The Andersons, Inc. | 2023 Proxy Statement | 62

Table of Contents

viii.With respect to any Offering Period, the Administrator may require that the Common Shares be retained with the Designated Broker for a specified period of time before the Participant may sell or dispose of such Common Shares.

f.Impact of Cessation of Contributions. In the event that a Participant elects to cease contributions during an Offering Period the cash in such Participant's Cash Account will automatically be distributed to the Participant with no interest payment, subject to any applicable administrative processing fees. Such cash payment will be made as soon as administratively practical following this election and the Participant may not reenter the Plan until the next Offering Period.
g.Termination of Employment.

i.In the event of termination of employment for reasons other than death or disability:(i) the Plan Shares contained in a Participant's Share Account will automatically be distributed to the Participant; and (ii) the cash in such Participant's Cash Account will automatically be distributed to the Participant with no interest payment.

ii.In the event of termination of employment due to death or disability, the Participant (or his or her beneficiary in the event of death) may elect in writing to receive his or her Cash Account balance in cash with no interest payment, or to have the balance contained in his or her Cash Account applied toward the purchase of Plan Shares on the next applicable Purchase Date.

SECTION VI
Rights Not Transferable

The rights and interests of any Participant in the Plan, including any right to purchase Plan Shares, shall not be transferable other than by will or the applicable laws of descent and distribution and any such right to purchase shall be exercisable only during the lifetime of such Participant, and then only by such Participant.


SECTION VII
Limitations on Share Ownership

Notwithstanding any provision herein to the contrary, no Participant shall have a right to purchase Plan Shares if either:

a.such Participant would, immediately after electing to purchase such shares, own Common Shares possessing 5% or more of the total combined voting power or value of all classes of capital shares of the Company or any of its Subsidiaries, as defined by Section 424(f) of the Code; or

b.the rights of such Participant to purchase Plan Shares would accrue at a rate that exceeds $25,000 of Fair Market Value of such Plan Shares (determined at the time or times such rights are granted) for each calendar year for which such rights are outstanding at any time.
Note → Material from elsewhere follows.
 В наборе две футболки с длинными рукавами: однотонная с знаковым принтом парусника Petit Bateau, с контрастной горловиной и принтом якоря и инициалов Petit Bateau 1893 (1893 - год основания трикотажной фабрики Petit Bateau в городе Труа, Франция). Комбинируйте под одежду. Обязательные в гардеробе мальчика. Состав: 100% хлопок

For purposes of the foregoing clause (a), ownership of Common Shares shall be determined by the attribution rules of Section 424(d) of the Code and Participants shall be considered to own any Common Shares which they have a right to purchase under the Plan or any other share option agreement with the Company.
The Andersons, Inc. | 2023 Proxy Statement | 63

Table of Contents


SECTION VIII
Miscellaneous Provisions

a.Continued Employment. Nothing in the Plan shall be construed to give any Employee the right to be retained in the employ of the Company or to affect the right of the Company or a Participant to terminate such employment at any time with or without cause.
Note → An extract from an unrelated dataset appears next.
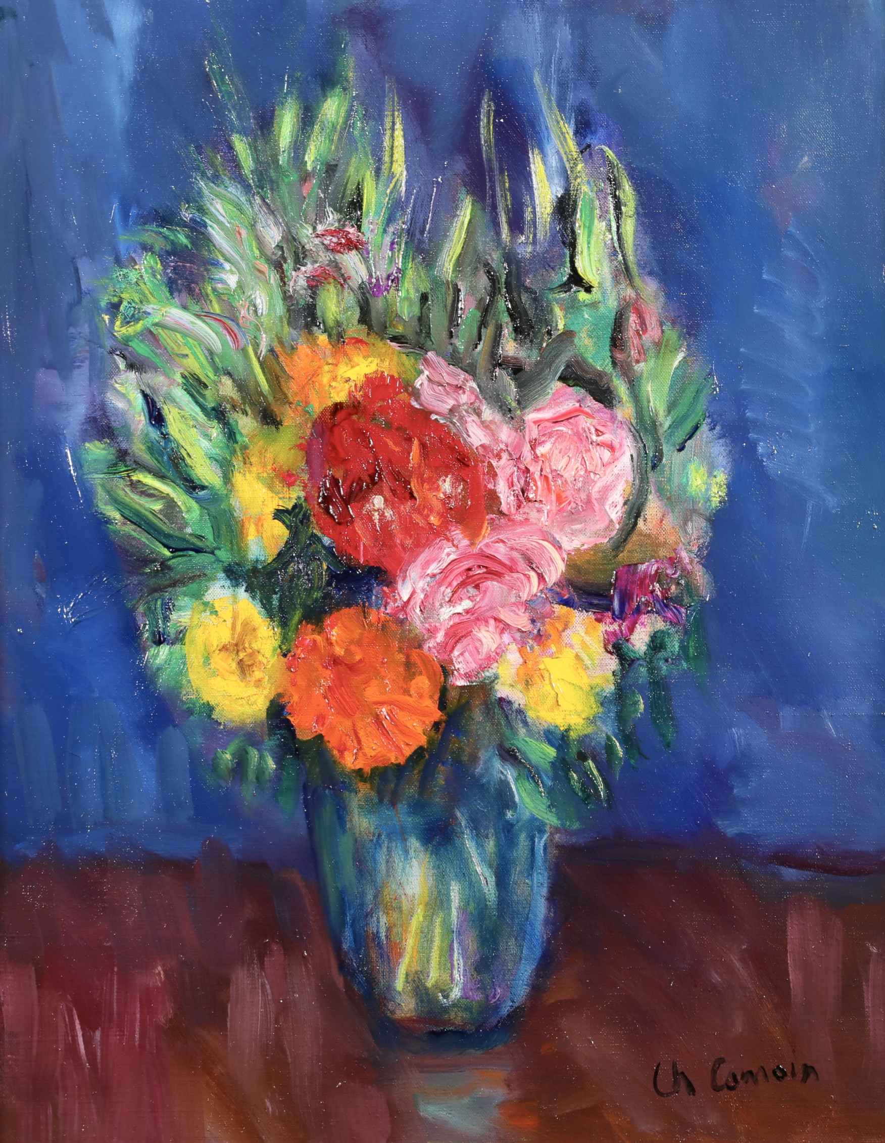 Charles Camoin was the son of a paint manufacturer in Marseilles who died when Charles was six years old. His mother travelled extensively, absenting herself for long periods at a time, and Camoin's studies suffered accordingly. At 16, he enrolled at a commercial college in Marseilles, but also attended courses at the École des Beaux-Arts, where he was awarded a first prize for drawing and composition. In 1896, at the age of 17 (or in 1898 according to other, possibly more reliable sources), Camoin moved to Paris where he was admitted to Gustave Moreau's class at the École des Beaux-Arts, shortly before the latter's death. He soon left on his travels in the company of Albert Marquet - no doubt following Moreau's advice to 'go and paint buses', his recommendation to the two artists to search out their subject matter on the streets and in the cabarets of Paris. During his short time in Moreau's class Camoin made a number of lasting friendships, notably with artists who would go on to pioneer Fauvism: Henry Manguin, Georges Roualt and, in particular, Jean Puy and Henri Matisse, with whom he exchanged letters on a regular basis.In 1900, Camoin did his military service, first in Arles, where he painted compositions inspired by Van Gogh motifs, then in 1902 in Aix, where he frequently met with Cézanne, with whom Camoin maintained a life-long correspondence and whose advice and counsel he cited repeatedly. In 1903, Camoin exhibited for the first time - at the Salon des Artistes Indépendants in Paris. The following year (1905), he met Claude Monet (at Cézanne's instigation and, appropriately perhaps, underneath Giverny's Nympheas); he then held his first solo exhibition at the Berthe Weill Gallery in Paris. In 1905, Camoin exhibited alongside the 'Animals' at that year's Salon d'Automne, although it must be said that he did not share the graphic and chromatic violence of a Matisse or a Derain, preferring as he did to adhere to a more Cézanne-like approach.

b.Rights as Shareholder. A Participant shall have no rights as a shareholder with respect to any Plan Shares which he or she may have a right to purchase under the Plan until the date such shares are registered in the name of such Participant or in the name of a Nominee on behalf of such Participant.
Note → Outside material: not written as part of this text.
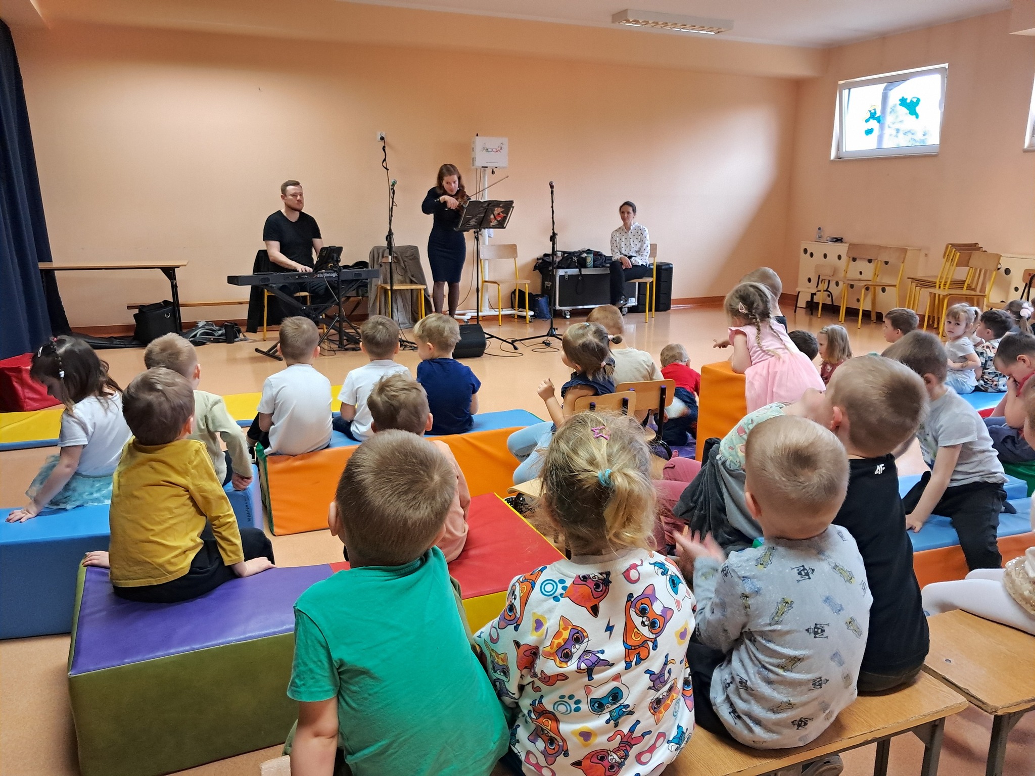 W piątkowy poranek gościliśmy w naszym przedszkolu Mobilną Filharmonię – grupę muzyków, którzy zagrali dla dzieci niecodzienny koncert pt. Cztery pory roku. Muzyka na żywo sprawiła wiele radości i zadowolenia wśród dzieci. Artyści pokazali moc muzyki oraz moc przekazu.

c.Rights to Purchase Shares. Each right to purchase Plan Shares under the Plan shall be subject to the requirement that if at any time the Committee or the Administrator shall determine that the listing, registration or qualification of such right to purchase or the Plan Shares subject thereto upon any securities exchange or under any state or federal law, or the consent or approval of any governmental regulatory body, is necessary or desirable as a condition of, or in connection with, such right to purchase or the issue of Plan Shares pursuant thereto, then, anything in the Plan to the contrary notwithstanding, no such right to purchase may be exercised in whole or in part, and no Plan Shares shall be issued, unless such listing, registration, qualification, consent or approval shall have been effected or obtained free from any conditions not reasonably acceptable to the Committee and the Administrator. The Administrator is authorized upon the advice of counsel to make such amendments to the Plan as may be necessary or desirable to facilitate obtaining an effective registration statement with the Securities and Exchange Commission under the Securities Act of 1933, as amended, covering Plan Shares issued pursuant hereto.


SECTION IX
Amendment or Termination of the Plan

a.Amendment. The Board may, at any time and from time to time, amend, modify or suspend the Plan, but no such amendment, modification or suspension without the approval of the shareholders shall:

i.increase the Maximum number (determined as provided in the Plan) of Plan Shares, other than as provided in Section 4.2 hereof;

ii.permit the issuance of any Plan Shares at a Purchase Price less than that provided in the Plan as approved by the shareholders;

iii.cause the Plan to fail to meet the requirements of an "employee stock purchase plan" under Section 423 of the Code.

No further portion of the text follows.